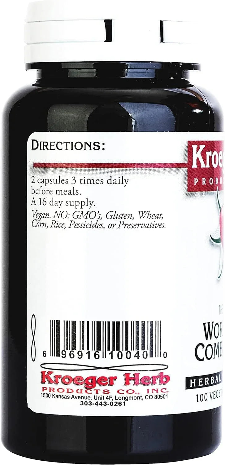 Wormwood Combination is a dietary supplement by Kroeger which comes in a bottle of 100 vegetarian capsules. The primary ingredient in these capsules is wormwood, a herb reputed for its potential health benefits. This formula also contains a blend of other herbs which include clove, pumpkin seed, and black walnut hulls.
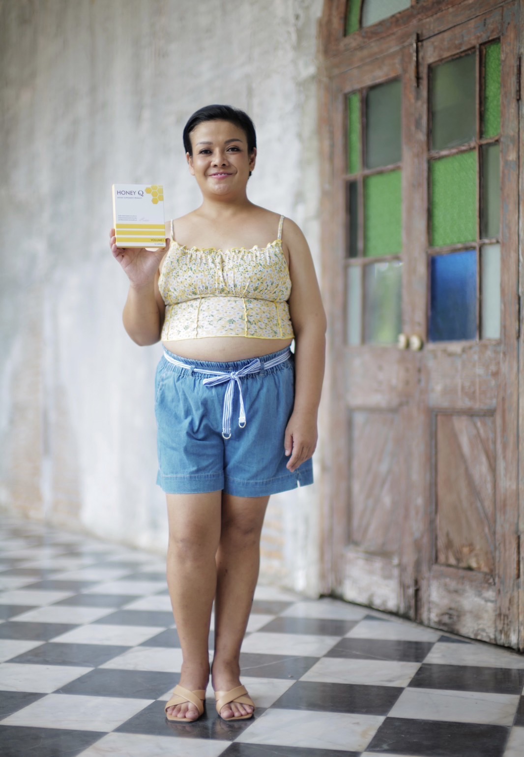 “น้ำหนักขึ้นมาเยอะมาก ตั้งแต่คลอดลูกเมื่อ 10 ปีที่แล้วน้ำหนักก็ไม่ลงอีกเลย พยายามลดเท่าไหร่ก็ไม่ลง พอไปเห็นพี่น้ำผึ้ง ณัฐริกา กับพี่เอ้ ชุติมา สามารถน้ำหนักลงได้ แล้วเขาแบบสวยมาก จากที่สวยอยู่แล้ว ยิ่งผอมลงก็ยิ่งสวย และดูเด็กมาก เราก็ตั้งใจอยากจะเป็นแบบเขาบ้าง ก็ได้เข้าไปปรึกษากับ HONEY Q ผลิตภัณฑ์ดูแลรูปร่าง ที่ทำให้ พี่น้ำผึ้งกับพี่เอ้ กลับมาหุ่นดีอีกครั้ง ทำให้ตอนนี้น้ำหนักยุ้ยลงมา 10 กิโล ดีใจมากน้ำตาไหลเลย เราไม่เคยผอมอย่างนี้มานานแล้ว พยายามเท่าไหร่ก็ไม่สำเร็จ แต่ครั้งนี้เราสามารถทำได้”
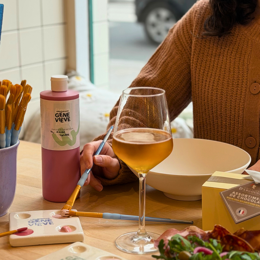 • Un atelier créatif de 3h pour peindre la céramique qui fera vibrer votre âme d’artiste (pièce S par personne ou pièce L à deux pour les duos motivés).
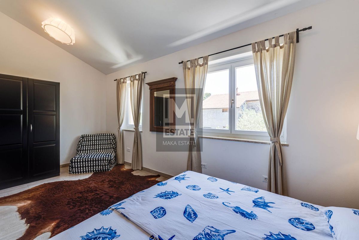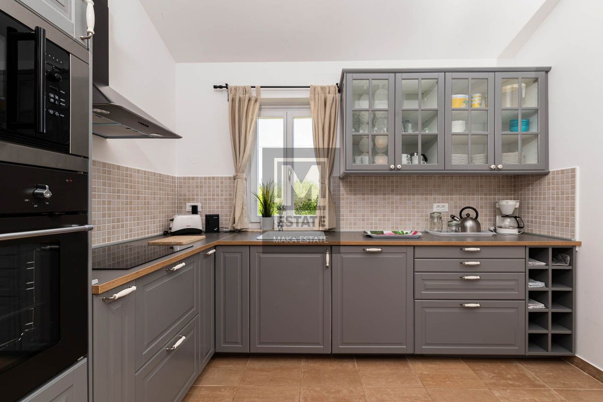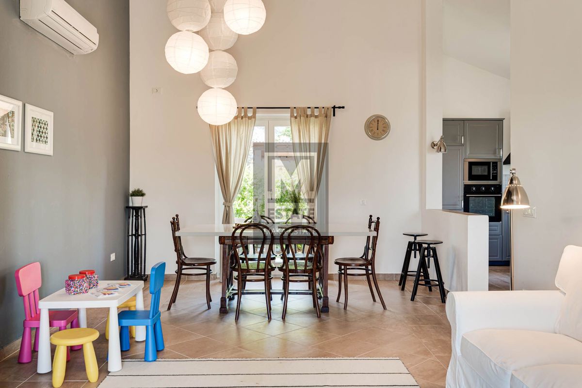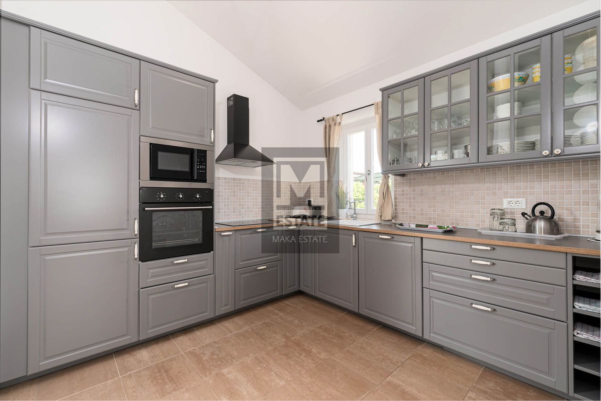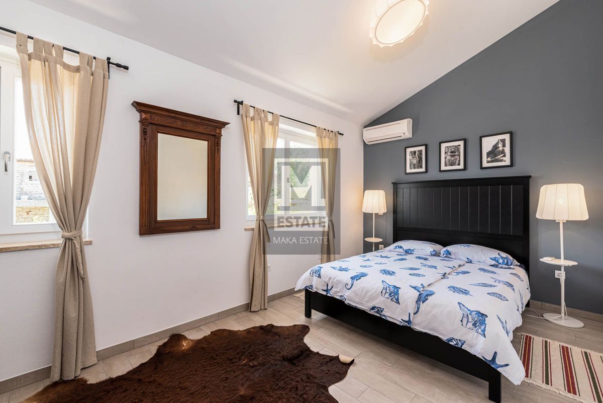 Poreč, okolica, izvrsna opremljena prizemnica sa bazenom Prodaje se prekrasna prizemna kuća s bazenom u okolici Poreča, smještena na mirnoj lokaciji. Ova potpuno opremljena i namještena kuća, stambene površine 144 m2, pruža savršen spoj luksuza i udobnos
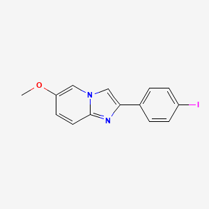 2-(4-Iodophenyl)-6-methoxyimidazo[1,2-a]pyridine is a heterocyclic compound featuring an imidazo[1,2-a]pyridine core substituted with a 4-iodophenyl group at position 2 and a methoxy group at position 4. This compound is of interest due to its structural similarity to pharmacologically active imidazo[1,2-a]pyridine derivatives, which exhibit diverse biological activities, including antimicrobial, anticancer, and neuroleptic properties . The iodine atom at the para position of the phenyl ring and the methoxy group on the pyridine ring contribute to its unique electronic and steric properties, influencing reactivity, binding affinity, and pharmacokinetics.
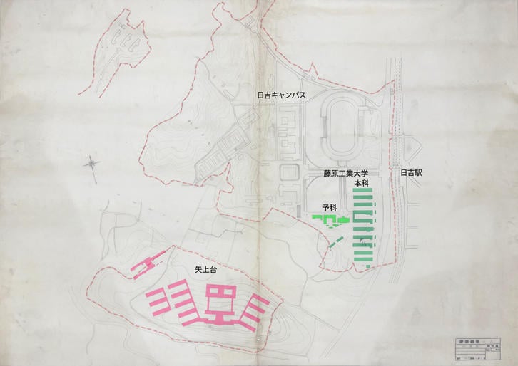 幻のペーパープランと言われ、残念ながら、その設計図は残っていないが、配置図が残されている。日吉内の藤原工業大学は、すべて木造校舎であるが、パース図に書かれている矢上の校舎は、丘の上に鉄筋コンクリート造で4〜6階建ての建物群が林立する、大プロジェクトの様相がうかがえる。しかし、当初の計画が変更となったことから、矢上の用地は手付かずのままとされた。
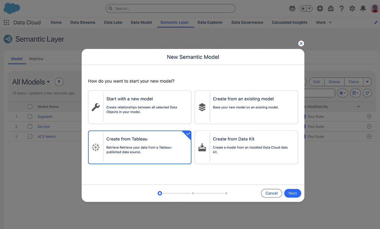 Data Cloud에 정의된 Semantics 모델(semantic model)을 Tableau로 가져오면, 기존의 계산된 필드, 관계형 데이터 구조, 계층적 의미 등이 손실 없이 그대로 적용됩니다. - 데이터 마이그레이션 필요 없음
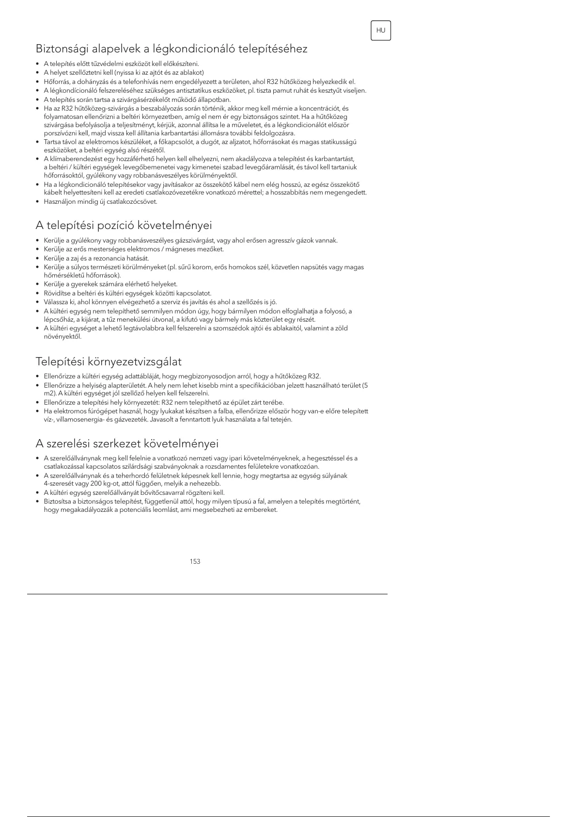 • Ellenőrizze a telepítési hely környezetét: R32 nem telepíthető az épület zárt terébe.

* [Problem description]:
Copy word for word the lines of the records above from the one with "les duos motivés)." up to and including the one with "Poreč, okolica, izvrsna". Skip the pictures.

* [Written response]:
 • Un atelier créatif de 3h pour peindre la céramique qui fera vibrer votre âme d’artiste (pièce S par personne ou pièce L à deux pour les duos motivés).
 Poreč, okolica, izvrsna opremljena prizemnica sa bazenom Prodaje se prekrasna prizemna kuća s bazenom u okolici Poreča, smještena na mirnoj lokaciji. Ova potpuno opremljena i namještena kuća, stambene površine 144 m2, pruža savršen spoj luksuza i udobnos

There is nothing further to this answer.